• **DATASET CONTENT**
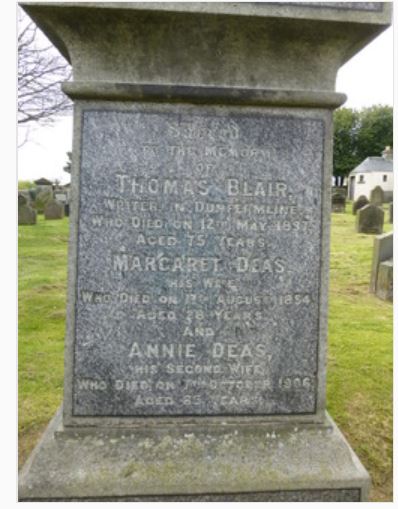 Thomas Blair is buried with his family in Cairneyhill graveyard:
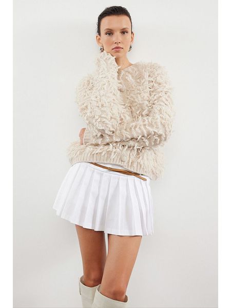 – dekolt: okrągły- zapięcie: listwa guzikowa- ściągacz: dekolt, zakończenia rękawów, dolny brzeg- detale: frędzle- krój: luźny- wzór splotu: luźny
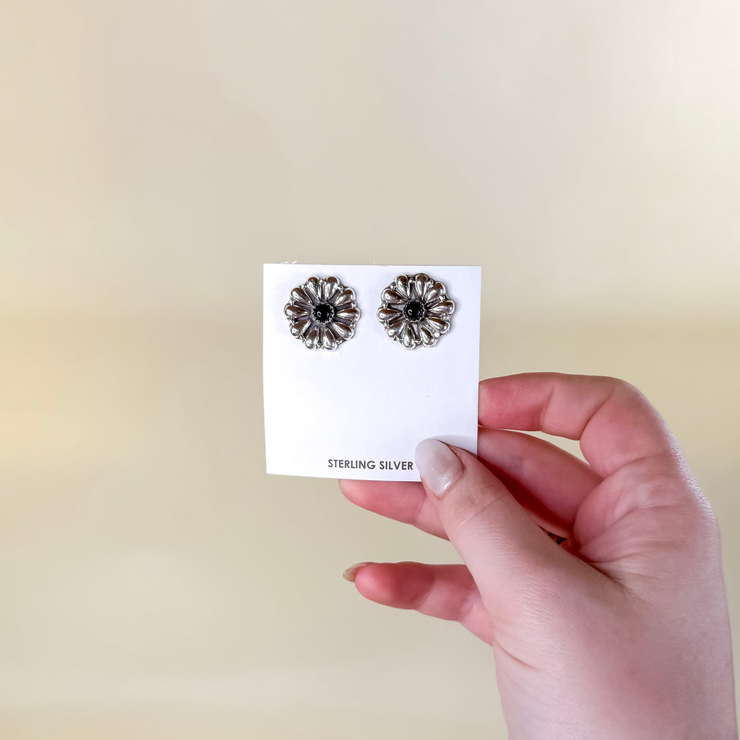 Prismatic Petal Black Stone Flower Concho Stud Earrings

• **WHAT YOU HAVE TO DO**
Hand back the data above exactly, with no images.

• **SOLUTION**
 Thomas Blair is buried with his family in Cairneyhill graveyard:
 – dekolt: okrągły- zapięcie: listwa guzikowa- ściągacz: dekolt, zakończenia rękawów, dolny brzeg- detale: frędzle- krój: luźny- wzór splotu: luźny
 Prismatic Petal Black Stone Flower Concho Stud Earrings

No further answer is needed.